- [Task goal]:
An exact restatement is required. Cover only the lines of the records from the first through the line with "БУЛАВИНСКОЕ ВОССТАНИЕ 1707-1709 гг.", and skip pictures.

Data excerpts
::::
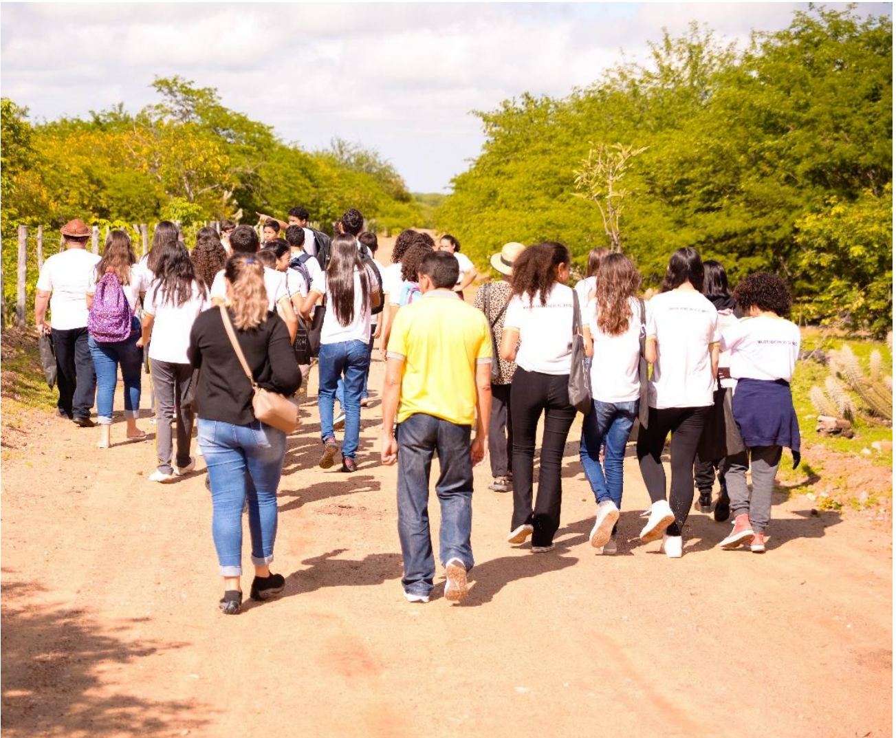
Figura 9: Caminhando pelo “retão”
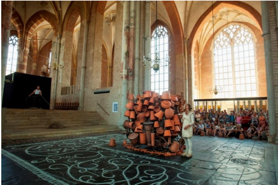
Tuig - Deventer Op Stelten 2013

De komende jaren zal dat worden voortgezet, maar willen we uitbreiden met speciale producties door jonge makers, al dan niet in combinatie met buitenlandse uitwisselingen en samenwerkingsprojecten.
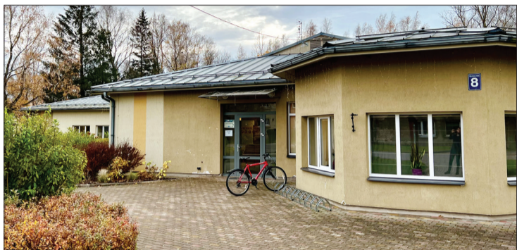
Ventavā, Skolas ielā 8, atvērts saietu nams "Mazā Vinda".

Saskaņā ar novada pašvaldības nolikumu Vārves pagastā ir izveidots saietu nams "Mazā Vinda" (iepriekš pazīstams kā sabiedriskais centrs). Tas atrodas Skolas ielā 8.
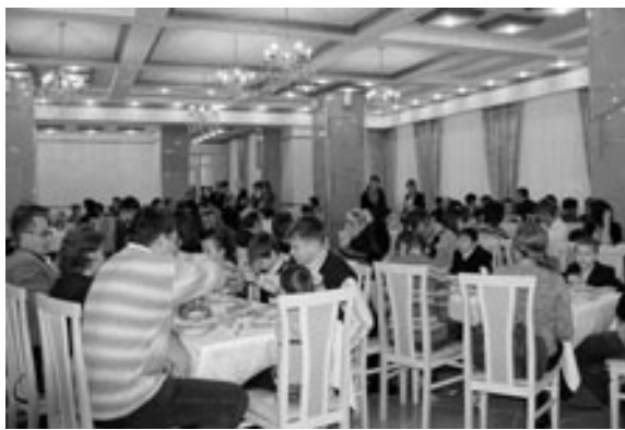
Новый банкетный зал ООО «ЭГЗ-Здоровье» - комбината питания ЭГЗ

Преобразился и заводской комбинат питания: здесь капитально отремонтированы банкетный и обеденный залы, лестничный марш, помещения заготовочных цехов - мясо-овощного и кондитерского. Отремонтированы и открыты накануне Нового года бар и кулинария. При этом закуплено и установлено новое кухонное оборудование, которое позволяет применять в приготовлении пищи самые современные технологии. Например, пароконвектомат, расстоечный шкаф для теста, кремозбивочные машины и другое оборудование. На днях состоялось торжественное открытие комбината питания после реконструкции - с традиционным разрезанием ленточки. Этому событию был посвящен прием у генерального директо-
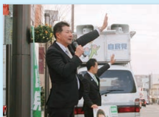
自由民主党富山市連遊説局チームのメンバーです。月曜は朝、掛尾交差点（たまに駅北）、土曜は昼にグランドプザ前にて街頭遊説してます。
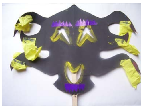
Máscara elaborada en el taller que hicimos
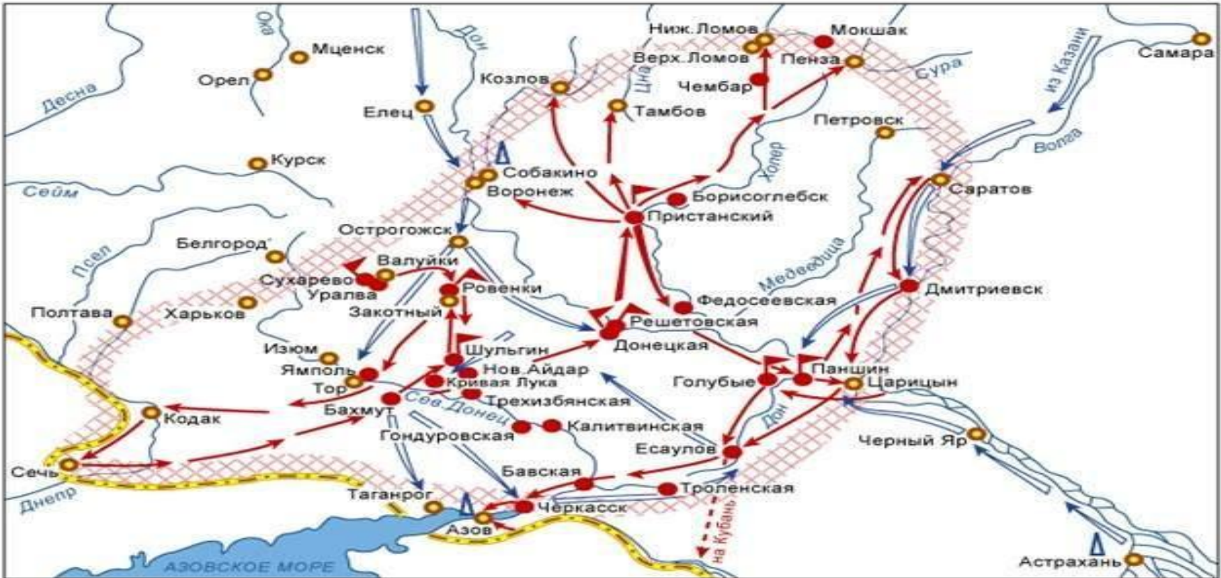
БУЛАВИНСКОЕ ВОССТАНИЕ 1707-1709 гг.
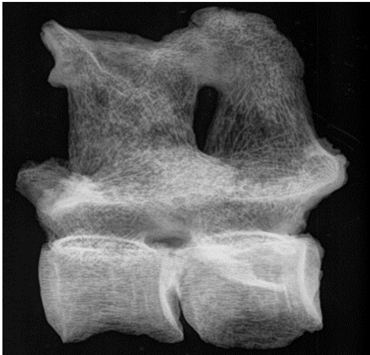
Slika 4. Rendgenogram 2. i 3. lumbalnog kralješka kobile iz G-52 ( norma lateralis )
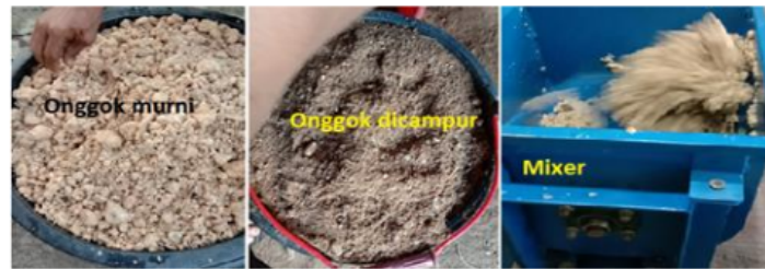
Gambar 8. Tahapan pembuatan campuran pakan
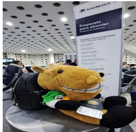
Izquierda: Director dando palabras de despedida a los alumnos del intercambio. Derecha: Potro viajero en sala de espera del Aeropuerto Internacional Benito Juárez de la Ciudad de México.

Después de esperar unas horas en el aeropuerto, llenando los formatos de migración, los identificadores de grupo y personales de las maletas, que los de la aerolínea se quisieran poner especiales con los documentos de dos alumnos, nos fuéramos a comer, que se fuera por cuestión de segundos la luz, de observar y escuchar a algunos viajeros tocar el piano de la sala de espera, que en grupo de alumnas se tomaran fotos con los pilotos del vuelo AeroMéxico con destino a Londres y que nos enteramos de que uno de ellos había egresado de la prepa 3 de nuestra máxima casa de estudios, por fin estábamos abordando el vuelo con destino la ciudad de París. Ya en pista, y esperando despegar, de pronto escuchamos al piloto en cabina decirnos
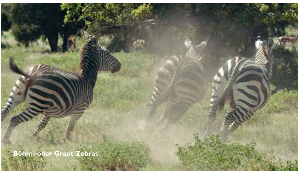
Böhm- oder Grant-Zebras
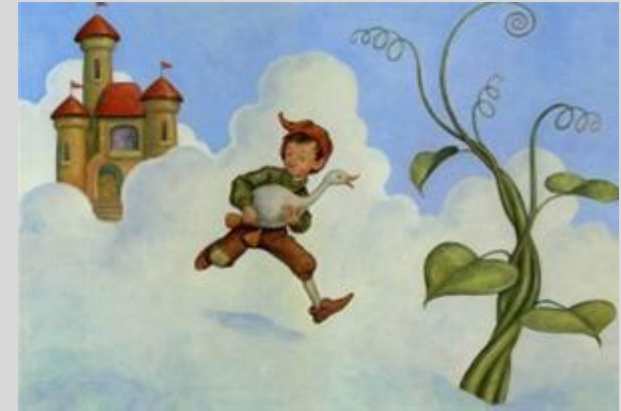
Ο Μιχάλης και η ντοματιά
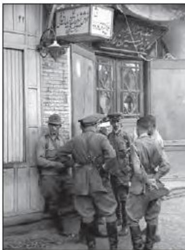
نیروهای انگلیسی در ایران-جنگ جهانی دوم نظامیان شوروی در ایران- قزوین-جنگ جهانی دوم

۵. تصویر مقابل به موقعیت ایران در جنگ جهانی دوم اشاره دارد. با توجه به اینکه ایران در جنگ جهانی دوم اعلام بیطرفی نمود دلایل حضور این نیروها در ایران را بررسی و ارزیابی نمایید.
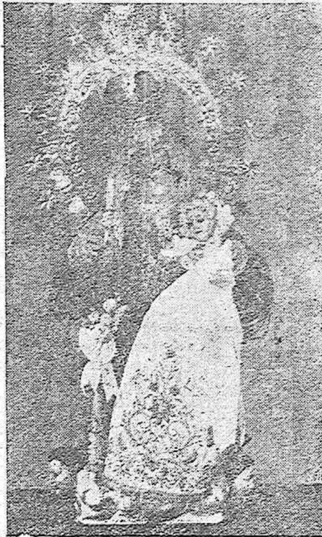
La bella imagen de la Virgen de la Luz, en cuyo honor celebra hoy solemne fiesta y procesión el barrio de Santa Marina.

Merced a tan noble rasgo del Hermano Mayor, que mereció los más calurosos elogios de cuantos le conocieron, la Virgencita de Santa Marina se reintegró a su altar, reanudando, anualmente,
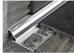
PROSHELL R ALL (Pag. 60)
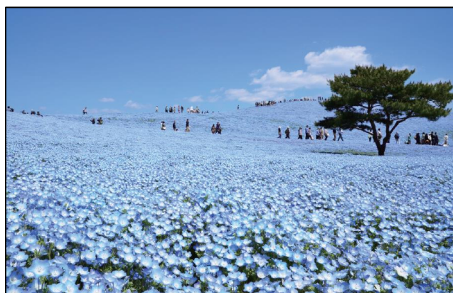
公園事業 国営ひたち海浜公園 茨城県
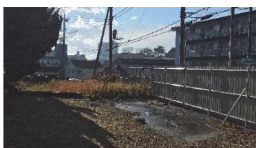
進入防止フェンス
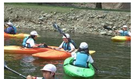
まっすぐすすむかな？
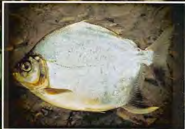
Koumarou C - Weti koemaloe N

Ces poissons* non prédateurs pauvres en mercure peuvent être consommés sans risque.
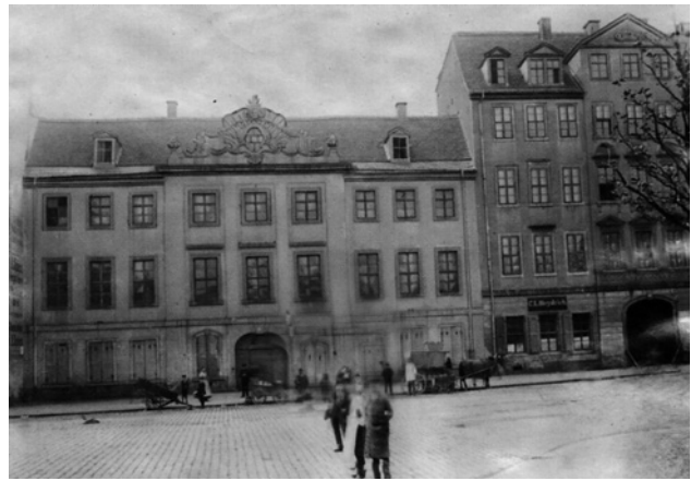
Abb. 3: Sitz der HHL in der Löhrstraße (1898–1901)
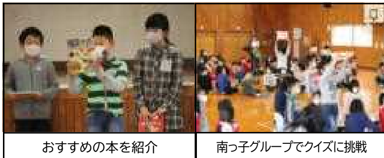
おすすめの本を紹介

図書委員会主催の読書集会が行われました。題して『新しい本がいっぱい! 秋の読書まつり』です。最近、学校に新しい本がたくさん入りました。その中から図書委員がおすすめの本を紹介したり、〇×クイズを出題したりして、本への興味がわく集会でした。本に親しむ子がたくさん増えることでしょう。
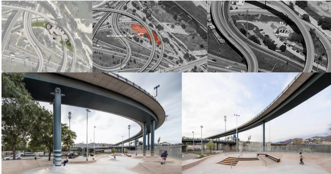
Рис. 6. Скейтпарк Baró de Viver, арх.бюро SCOV, Барселона, Іспанія, 2016 рік

Скейтпарк Baró de Viver (рис. 6) є прикладом інтеграції спортивної інфраструктури в міське середовище, який розташований у межах автомобільної розв'язки Трінатат, поруч із річкою Бесос у районі Сант-Андреу в Барселоні. Цей район характеризується складною інфраструктурою: численні транспортні маршрути та різнорівневі комунікації ускладнюють доступ до зони, що довгий час робило її недоступною для перехожих. Раніше територія переважно використовувалася як транзитна зона, оснащена підземними переходами для доступу до транспортних станцій [8]. У рамках проекту було проведено перепланування під'їзних шляхів із метою впорядкування стихійного паркування та покращення міського освітлення. Також прилеглі території адаптували для створення невеликих міських городів, що сприяло формуванню соціальної взаємодії між мешканцями та відвідувачами.
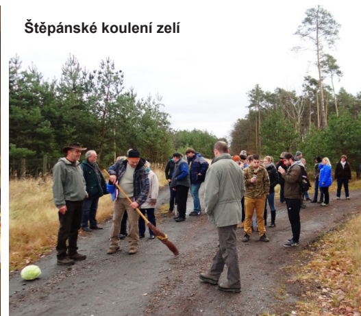
Štěpánské koulení zeli
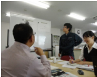
打ち合わせはワイワイ真剣に
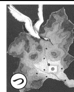
つる舞う形の群馬県/上毛かるた
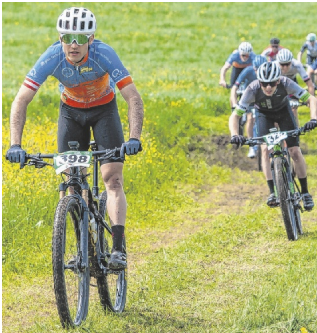
Radsport-Highlight Das Wochenende von 23. bis 25. Mai steht in Kürnberg im Zeichen des Radelns. Die Sportunion Kürnberg organisiert unter anderem wieder die österreichweit beliebte „Mosttour“. Seite 16
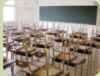
▲ 共に学び、友情を育んでいく新しい教室
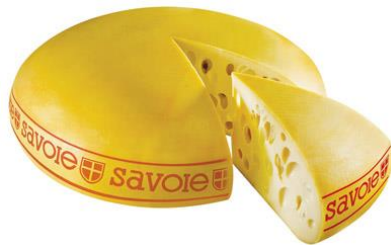
Emmental de Savoie
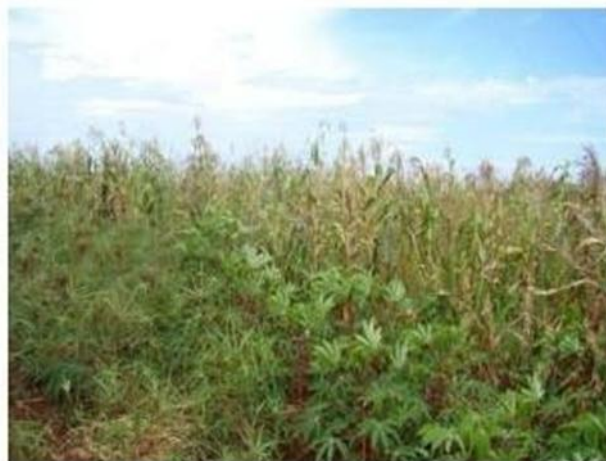
Figura 1 - Sistema produtivo consorciado de mandioca e milho

Embora os guaranis se valham da caça e da pesca, a base de seu sustento é fornecida pela agricultura. O cultivo do milho é de suma importância, comparado aos demais vegetais. O milho possui um significado importante para o povo guarani. Na comunidade Toldo Guarani são cultivados vários tipos de milho: o tradicional; o milho cateto, chamado de avaxi ete'í (milho verdadeiro); e, no sistema de monocultivo é plantado milho duro, obtido através de sementes compradas para os sistemas produtivos – esse é conhecido como avaxi (milho falso), o qual algumas famílias optam por não cultivar (imagem 01).
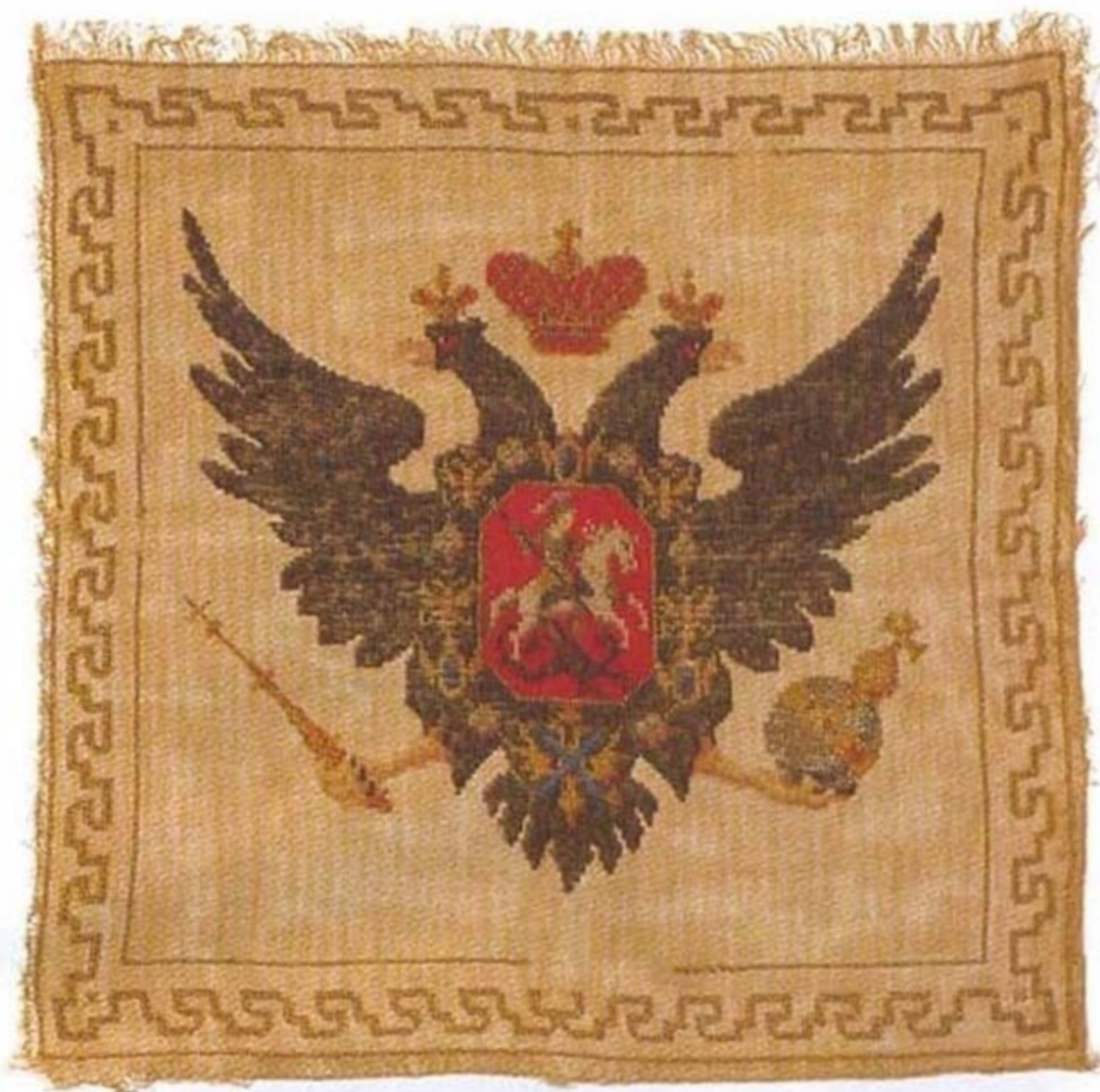
Салфетка декоративная. Бисер, вышивка по ситю. Россия. Первая четверть XIX в.

На небольшом панно, некогда, вероятно, служившем вставкой в переплет книги, альбома, в крышку коробки или, что менее вероятно, изначально предназначавшемся
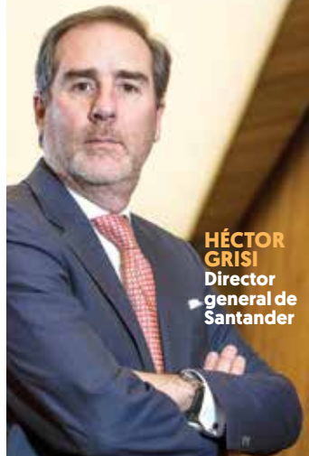
HÉCTOR GRISI Director general de Santander

► BARCLAYS MÉXICO BANCA SE ADAPTA AL NUEVO ENTORNO: MARTÍNEZ OSTOS ECONOMÍA / PÁG. 9
::::
- [Worked solution]:
Figura 9: Caminhando pelo “retão”
Tuig - Deventer Op Stelten 2013

De komende jaren zal dat worden voortgezet, maar willen we uitbreiden met speciale producties door jonge makers, al dan niet in combinatie met buitenlandse uitwisselingen en samenwerkingsprojecten.
Ventavā, Skolas ielā 8, atvērts saietu nams "Mazā Vinda".

Saskaņā ar novada pašvaldības nolikumu Vārves pagastā ir izveidots saietu nams "Mazā Vinda" (iepriekš pazīstams kā sabiedriskais centrs). Tas atrodas Skolas ielā 8.
Новый банкетный зал ООО «ЭГЗ-Здоровье» - комбината питания ЭГЗ

Преобразился и заводской комбинат питания: здесь капитально отремонтированы банкетный и обеденный залы, лестничный марш, помещения заготовочных цехов - мясо-овощного и кондитерского. Отремонтированы и открыты накануне Нового года бар и кулинария. При этом закуплено и установлено новое кухонное оборудование, которое позволяет применять в приготовлении пищи самые современные технологии. Например, пароконвектомат, расстоечный шкаф для теста, кремозбивочные машины и другое оборудование. На днях состоялось торжественное открытие комбината питания после реконструкции - с традиционным разрезанием ленточки. Этому событию был посвящен прием у генерального директо-
自由民主党富山市連遊説局チームのメンバーです。月曜は朝、掛尾交差点（たまに駅北）、土曜は昼にグランドプザ前にて街頭遊説してます。
Máscara elaborada en el taller que hicimos
БУЛАВИНСКОЕ ВОССТАНИЕ 1707-1709 гг.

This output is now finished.